On Saturday we woke and I checked my laptop, he's definitely been on it, gone through Facebook and iMessages and I think my emails, but he deleted the browser history so I can't be sure! (He has given me his laptop pw but it's about 30 characters so I don't rem it and haven't bothered looking at his stuff anyway) then I did house things and he completely ignored me u too the evening and came in to the room I was in and said "messaging my mate - not cool, how would u like it if I messaged yours blah blah...."
I highlighted that if he was going to a bar I knew my friend was often in, then I wouldn't be bothered... I also said reminded him that I was kinda hoping this guy was single again so that if we met up I could introduce him to my best friend and match make....! (He knows I want to do this as I've said to him before!)
To clarify, the message said "Hey dude. U out?? We're in revs in u are!!xx"
My husband said that his friend clearly thought by "we" I meant me and my husband and that trying to meet up with someone made me look like a slapper!!! I tried to say he was being daft and that I was drunk and in my head it made sense, a simple message to see if he was there so I could introduce him properly to my friend, but he couldn't get past the fact that "me and my friends were asking to meet up with him and his friends...."
Then he queried when we had a house warming "why you take him down to the cellar?!" I don't remember this as it was also my 30th (by the way this is the 2nd time in 3 months I've got drunk or go out sorta thing so don't be thinking I'm a ****head or something! Haha) and I was quite drunk.... I said I don't know, perhaps to show him around (as I was doing with everyone??) Or to talk about his ex away from his at the time gf?) but I genuinely couldn't remember.... He was all like "yeh whatever...."
I did sh something along the lines of "are u mental?! What are u trying to suggest??" He said he wasn't sure.., and left annoyed.

We've not spoke since and it's now Sunday lunch time. 

Firstly, do you think this is reasonable? I think he's blowing the message way out of context and going off on some mad tangent? But then perhaps he has got a point and I'm the one with the problem? I'm open to see that I may not be in the right, but I can't be doing with this sort of accusatory mean behaviour!

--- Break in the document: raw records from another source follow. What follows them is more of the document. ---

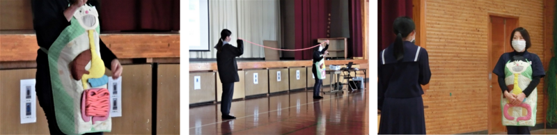 ロードレースを終えた後は、保護者と一緒に体育館で学校保健委員会も開催しました。都城ヤクルト販売(株)から栄養士さんを講師にお迎えし、「カラダの健康とプロバイオティクス」と題してご講演いただきました。身に付けたエプロンのマーちゃんを使って実物大で腸の長さを見せていただきながら、最近よく耳にするプロバイオティクスについて知ることができました。
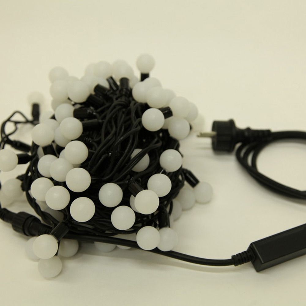Купить "Гирлянда Нить, ШАРИКИ 2.3см., 10м., 100 LED, холодный белый, без мерцания, резиновый черный ПВХ провод. 05-1979"
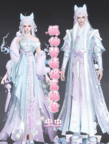 冰蓝叠浅紫的渐变在布料上晕染出晨雾烟岚的层次,毛绒狐耳灵俏鲜活,露肩设计衬得娇俏万分,恰似从秘境溜出来的灵狐!男款宽袍舒展,冰蓝底晕着浅紫暗纹,狐耳支棱却满是仙门风骨,妥妥画里走出来的狐仙仙君,帅得菌菌心巴狂跳~
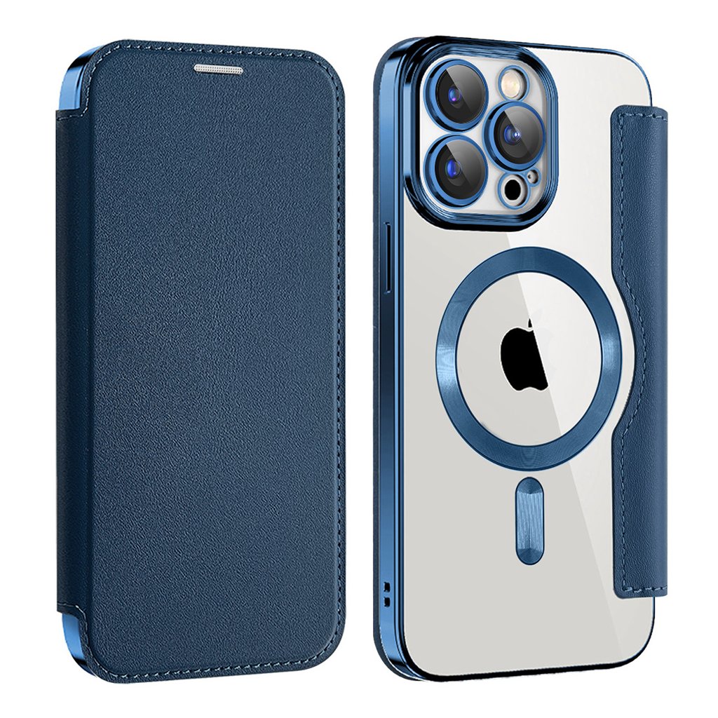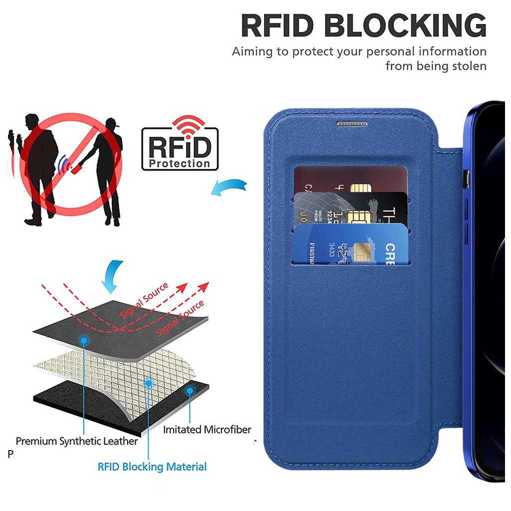 Puzdro Techsuit SmartMag sa pýši sofistikovaným dizajnom, ktorý dokonale dopĺňa váš iPhone. Vonkajšia strana je vyrobená z prémiovej syntetickej kože v sýto modrom odtieni, zatiaľ čo vnútorná časť je potiahnutá imitovaným mikrovláknom pre maximálnu ochranu displeja. Predný odklápací kryt obsahuje tri praktické priehradky na karty a je vybavený **RFID blokovacou technológiou**, ktorá chráni vaše osobné údaje pred zneužitím.
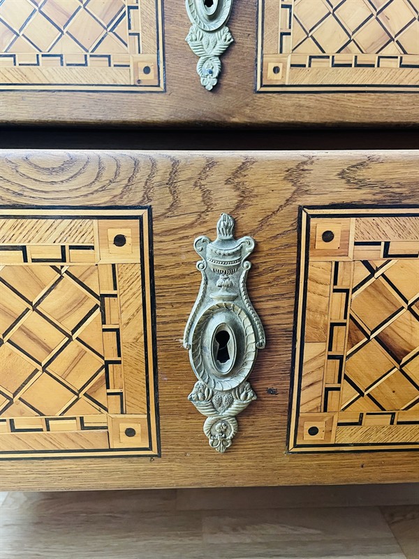 Prádelník ( komoda) , dvě zásuvky, bohatá geometrická intarzie do masivu, 2.polovina 18. století. Výška 90 cm, šířka 124 cm, hloubka 64. Hezký stav.
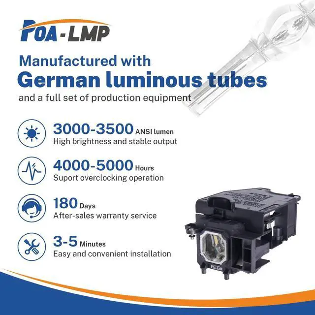 ^^ We have been specialized in projector lamps solutions for more than 15 years, and we are aimed to provide customers with high brightness, long lamp life, stable light output and accurately matching POA-LMP replacement lamps. ^^ POA-LMP lamps use German luminous tubes and precision coated reflectors, bring you ultra high brightness and definition; And every lamp from POA-LMP has been strictly tested before shipment, and it is easy to install it into your projector.

To provide some quick context... We've been together 6 years, married for almost 1 and I adore him. I love him so so much and I couldn't imaging ever Being with anyone else and he definitely knows how much I love and still fancy him like crazy! We're in a great place, we don't have problems really, just an odd bicker about towels on the bathroom floor etc.
I believe this could all when we were 3 months in I was texting my ex (nothing dodgy like meeting up, maybe a bit of banter/flirting etc and he found them and went mental. And there and then he tarnished me with the "all women are slippers and cheat and sleep around" brush. I immediately cut off contact with my ex to show my feelings for my husband (obs not at the time!) but this is the only thing I've ever done that is remotely wrong....

IMO this is why drives this horrible once a year thing where something so small sets him off into thinking I'm doing something bad or wrong when deep deep down he knows I'm seriously not....!

what do you guys think? what is going here? I can't keep doing this for years and years when I'm actually a very good loyal and loving wife!!

Thanks.


----------



## ConfusedWife127 (Jun 5, 2016)

Just to clarify guys, I'm not looking for validation that I'm right or wrong, I'm looking to mend this and to do something to ensure that my husband doesn't feel like he needs to act in this way and to ensure he feels he can trust me!

I hope that someone can help me!


----------



## jdawg2015 (Feb 12, 2015)

He doesn't trust you and texting an in that case I would have made you an ex. He's still harbor my it.

You need to have a discussion with him about boundaries. My suggestion is font text other men like this.
You are now seeing how even harmless things can create problems in the marriage.

Is he over reacting a bit? Sure.

But you set this up by having had contact with an ex and self admitted flirting. That's cheating in many people's eyes by the way.

If you value you marriage my advice is steer far and wide of opposite sex friends. 

You guys need talk about it. How did he find out about you texting your ex and how was it handled?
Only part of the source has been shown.